Getting Started with Voice UI

Today’s voice UI has come a long way, but can go much further. Take a look at this user study conducted by the Nielsen Norman Group on the usability of voice assistants. In summary, the group asked participants to complete a series of tasks using Alexa, Google Assistant, or Siri, then followed up with an interview. The group concluded the voice assistants had “an overall usability level that’s close to useless for even slightly complex interactions”. The study describes an inherent learning curve to using voice assistants that “goes against the basic premise of human-centered design.”

In our view, the problem is partially the fault of flawed development tools. We have identified a number of such issues through our research at Cantina. To narrow this article’s focus, we’ve compiled critiques of Actions on Google, Dialogflow, and Amazon’s Alexa Skills platforms. There is an ever-growing list of relevant tools that we could have examined, but the Google and Amazon platforms are the dominant figures in the industry at present.

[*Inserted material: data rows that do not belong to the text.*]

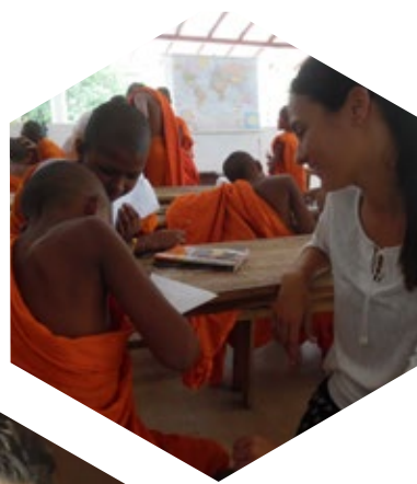
Educating Buddhist Monks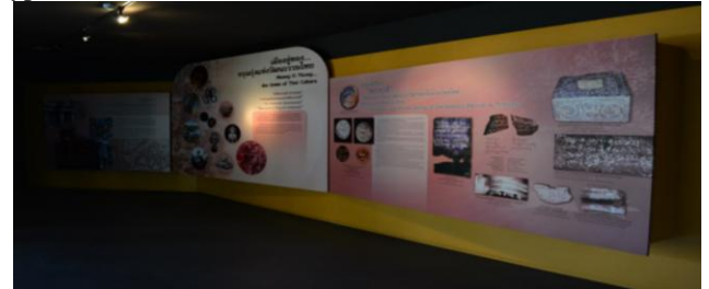
Fig.8 Display room sign

Room 1 has shown the historical development of the land of Suvarnabhumi, important commercial sources of the ancient world and trade between various ancient communities both inside and outside with antiques and media exhibits various types of modern.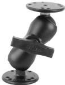
RAM-101U-B RAM MOUNT WITH 2 2 1/2" BASES & B ARM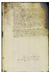
Complaint against George Demis for smuggling rum into Long Island (NYSA_A1881-78_V23_0355b)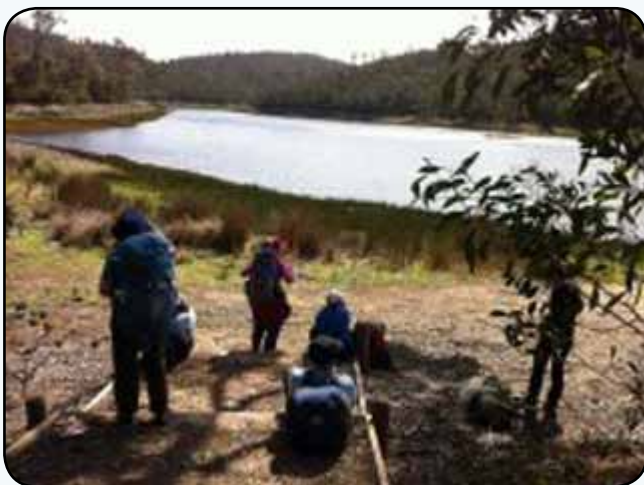
Stony Creek Reservoir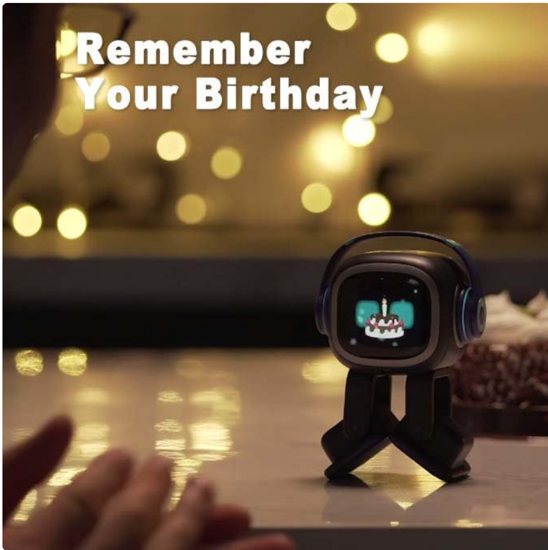
EMO can remember and celebrate your birthday.

Dialogflow is a high-level human-computer conversation service by Google. Actions on Google is firmly coupled with Dialogflow, however Dialogflow can be used without creating an Action.

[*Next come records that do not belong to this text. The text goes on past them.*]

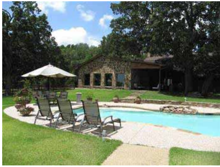
The generous covered back patio provides ideal outdoor dining, entertaining and lounging potential above the pool. Built 3 years ago, this 4' heated sport pool with 2 tanning ledges s nestled in a park-like setting with an incomparable view!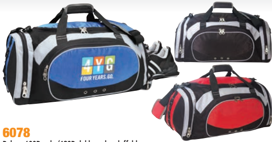
6078 Deluxe 600D poly/420D dobby nylon duffel bag w/shoe storage, 23"W x 11"H x 10"D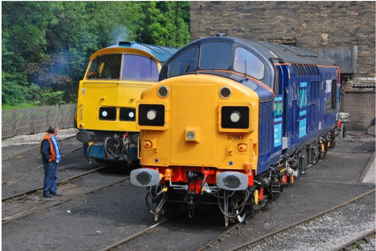
37087 and D1023 on Haworth shed 06/06/08

Released from Brush Traction following a power unit transplant 43068 (GCHP) has been despatched back to Heaton by road.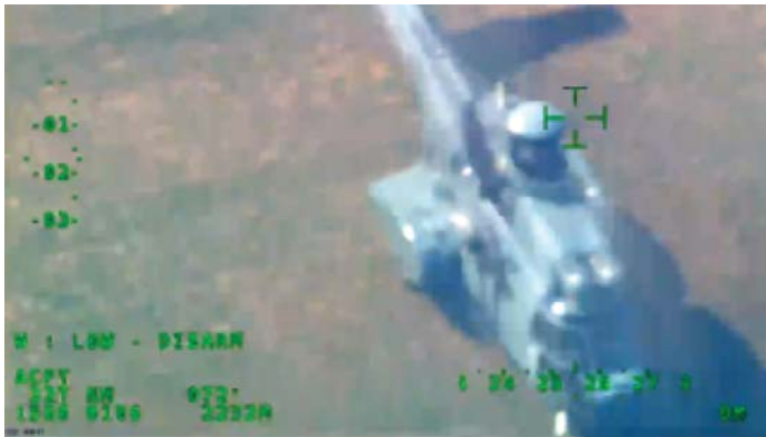
H.264 / AVC - 1080p @ 1.5Mbps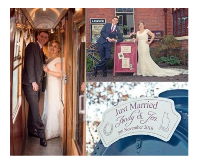
You could be the wedding couple with Oberon Station Precinct as a backdrop.

Enquiries can be made at: <a href="mailto:admin@othr.com.au">admin@othr.com.au</a> Hiring fees are incredibly competitive.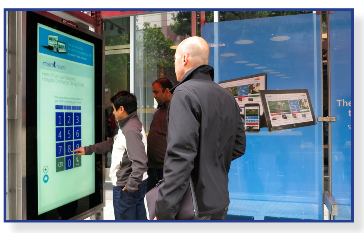
DIGITAL BUS SHELTERS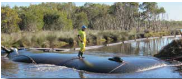
A Salty Lagoon contractor pumps silt out of the channel in preparation for closure.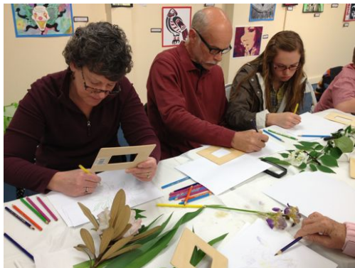
Artists explore the visual techniques of Georgia O'Keeffe in a workshop at the gallery led by the Hyde Museum.

Visual, performance, craft, and literary arts are finding a strong audience in our community.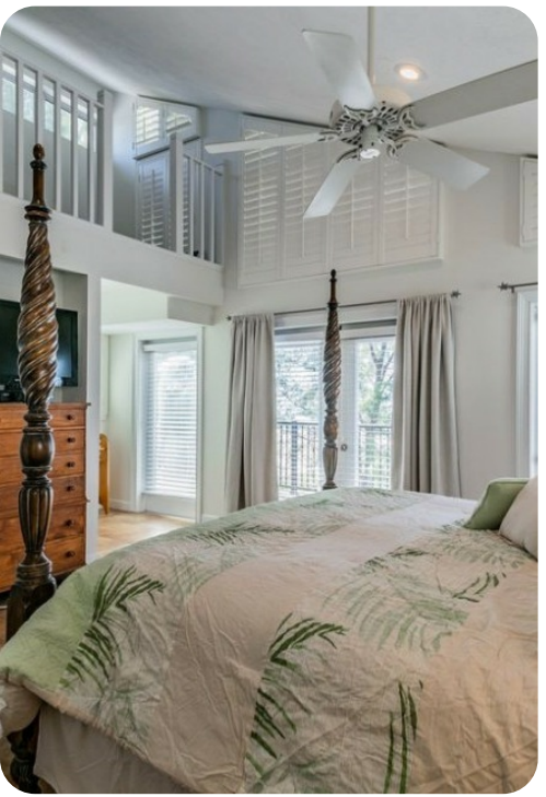
Treasure Island 4 | Page 8 of 8

Name Pronunciation & Understanding

Telling your voice assistant to “Text Mom” will probably work every time. But what if you want to email Kole at Cantina? A voice assistant will almost certainly try to email Cole at Cantina. Try inviting Marc Gajdosik to your meeting. The results will likely be unpredictable.

Names are a challenge for even humans to pronounce and spell. But humans ask for help, and we do better the next time we need to pronounce a tricky name. Neither Dialogflow nor the Alexa platform provides tools for training a model to pronounce, spell, or understand unique names. Our Cantina research team conjured up a workaround by adding the assistant’s butchered interpretation of a name as an Entity synonym. In other words, the incorrect spelling would act as a nickname. However, this workaround only succeeds if the model consistently fails in the same set of ways. In other words, if the model’s interpretation is unpredictable, then synonym mapping will frequently fail.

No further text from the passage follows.